We see this every day with our clients. When the news is bad, or they have experienced a loss they become risk averse. Their decisions can be tainted by a need to withdraw from harm and hide from perceived danger. This can lead to terrible decisions like liquidating at market lows and holding on to cash for years sacrificing long-term financial security.
As well, we know that long-term stress creates chronic elevation of cortisol and this has been proven to reduce our ability to take on risk. The research demonstrates that people with sustained elevated cortisol levels opt for investments with lower risk and lower returns. This is particularly important for us to recognize. Every woman who comes into my office expresses levels of stress and anxiety about work, relationships, balancing career with child raising, her conflicting roles and her views of the world at large. We are carrying many burdens on our narrow shoulders. And it shows no signs of abating. No wonder we continue to demonstrate a discomfort with risk in our economic lives.

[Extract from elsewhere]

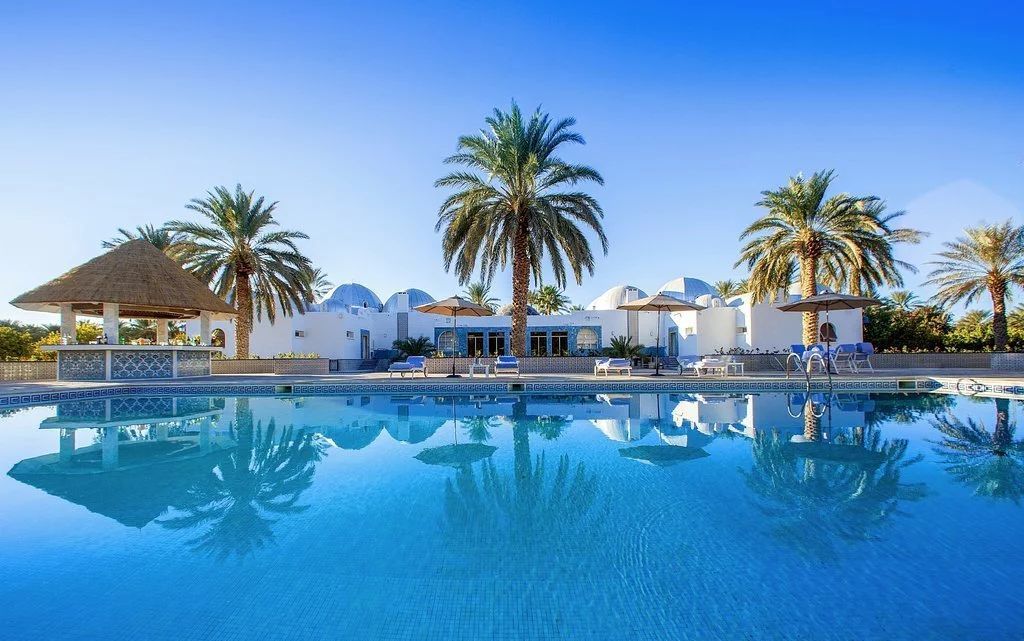 金羚羊五星度假酒店位于阿国东南部靠近突尼斯的沙漠之城瓦德。羚羊是沙漠特有的珍贵动物,沙子在阳光下散发着金色的光芒,酒店的名字便由来以此。看似华丽如宫阙般的酒店背后有着充满正能量的发家史。

So how can we change our approach to financial risk when it looks like our lives are not going to change any time soon? We go into the research again and we discover that mindfulness practices have proven to be an excellent tool that allows us to rewrite how our minds respond to stress. It also helps us redirect brain activity from ancient reactionary parts of the brain (fight or flight) to a more rational part of our brains. We can learn to reduce our knee-jerk responses and buy time to think instead of immediately reacting to situations. This in turn lowers our stress, which helps us make better decisions, which lowers our stress even further.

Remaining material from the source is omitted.